# The Empire/Flamingos, MK Leisure Plaza, Milton Keynes - Aug 2013



## Landie_Man (Sep 9, 2013)

I heard about this place on The Grapevine, namingly through Northern_Ninja. The Milton Keynes Leisure Plaza was built in 1990 and housed a Bowling Alley (Megabowl), an Ice Rink (Planet Ice, formally Bladerunner), an Argos and a Homebase store and a Nightclub (The Empire, formally Flamingos). 

The nightclub closed in 2004 and has set ever since. The Bowling Alley and Ice Rink closed this summer for re-development. It appears the ice rink is being left, but everything else here is being demolished. The Leisure Plaza has been through a lot of changes in the last 23 years but has slowly diminished and development is necessary.

The Nightclub here appeared to have several themed bars and also a café. Expiry dates of 2004 on a box of crisps gave ideas of closure time. For a derpy place, its actually quite picturesque! 

I could not find a way into any of the other buildings sadly. I wish I could have done the ice rink, but you never know! 
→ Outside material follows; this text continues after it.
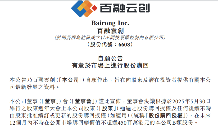 如果一家企业都不敢做多自己,投资人大概率不会相信它口中的各种童话故事。试想一家公司如果没有资金、没有意愿相信且做多自己,怎么能说服别人相信它的AI叙事?而百融云近日的这则4.5亿港元的自愿性回购公告,以及对应单日高开近5个点的涨幅,或许透露着更多人开始关注到它的新一轮AI叙事,并且选择做了“先信资本”。
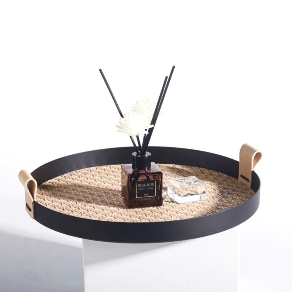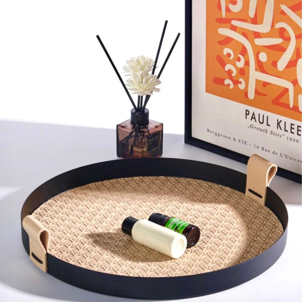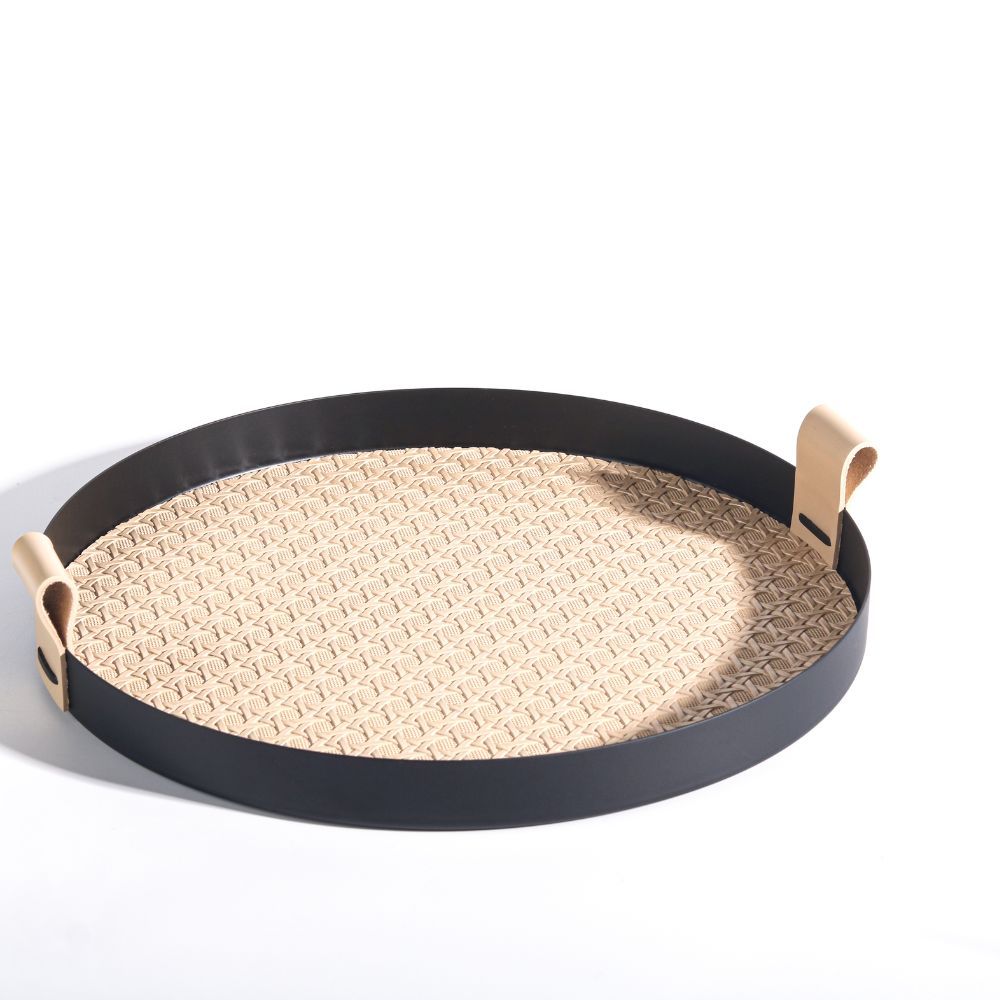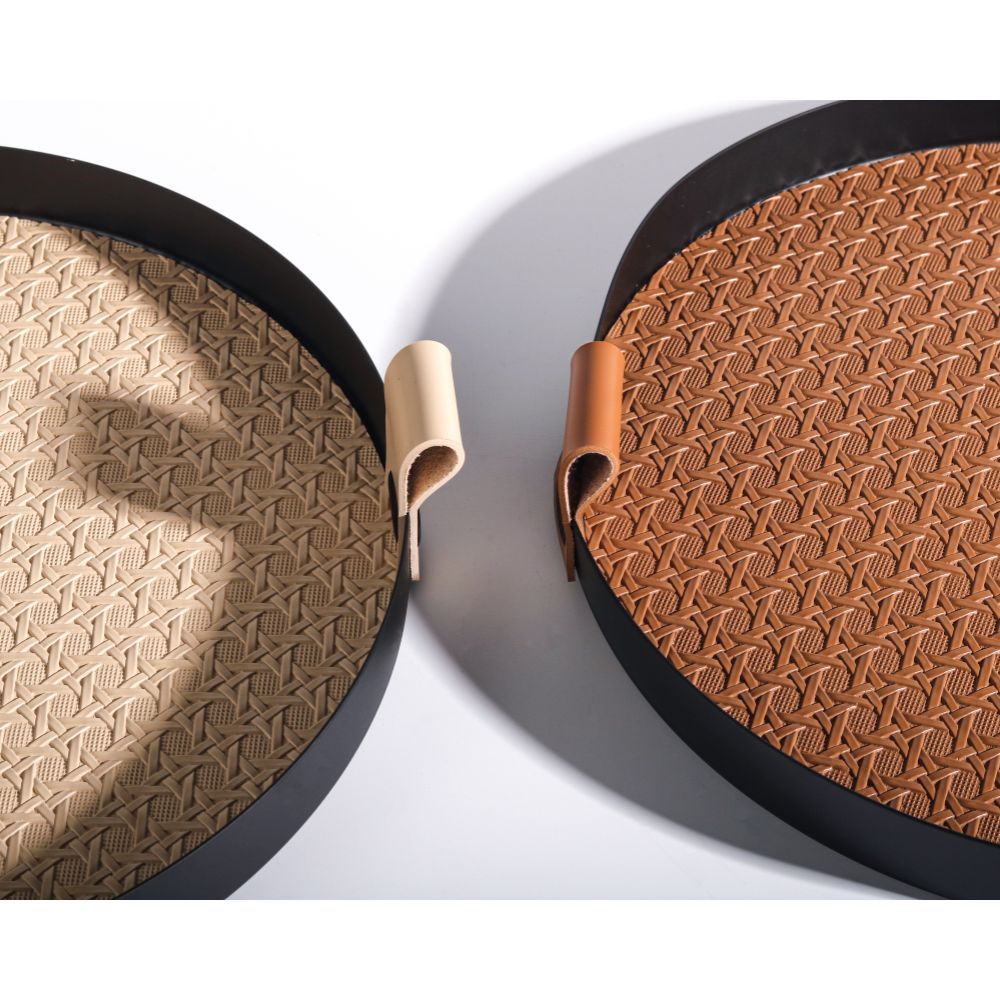 Mitri- Round Stainlesss Steel Tray With Leather- Beige

I solo'd this one, and the building made some un-nerving noises in the torrential rain! 



































































More At:

http://www.flickr.com/photos/landie_man/sets/72157635431085507/


----------



## Mars Lander (Sep 9, 2013)

Nice looks like a Camelot V2 , thanks for sharing


----------



## alex76 (Sep 10, 2013)

nice shots mate i remember having a night out here back in 2004 mad to see it now


----------



## whitelaw (Sep 11, 2013)

Hire skates! YEURCH! How on earth people can use them and think they know what ice skating is like amazes me. Those type, the plastic boot, give little or no support where it is needed. I suppose they are ok for wobbling round the rink

Skating aside - nice little find, this. I hope you can do the rink before they either redevelop it or flatten it. 

Thanks for posting.


----------



## Tizzme (Sep 29, 2013)

I love the "No asses or bottles on the dance floor" sign !! Great photos mate


----------



## Quattre (Sep 30, 2013)

Wow, some leisure, indeed!


----------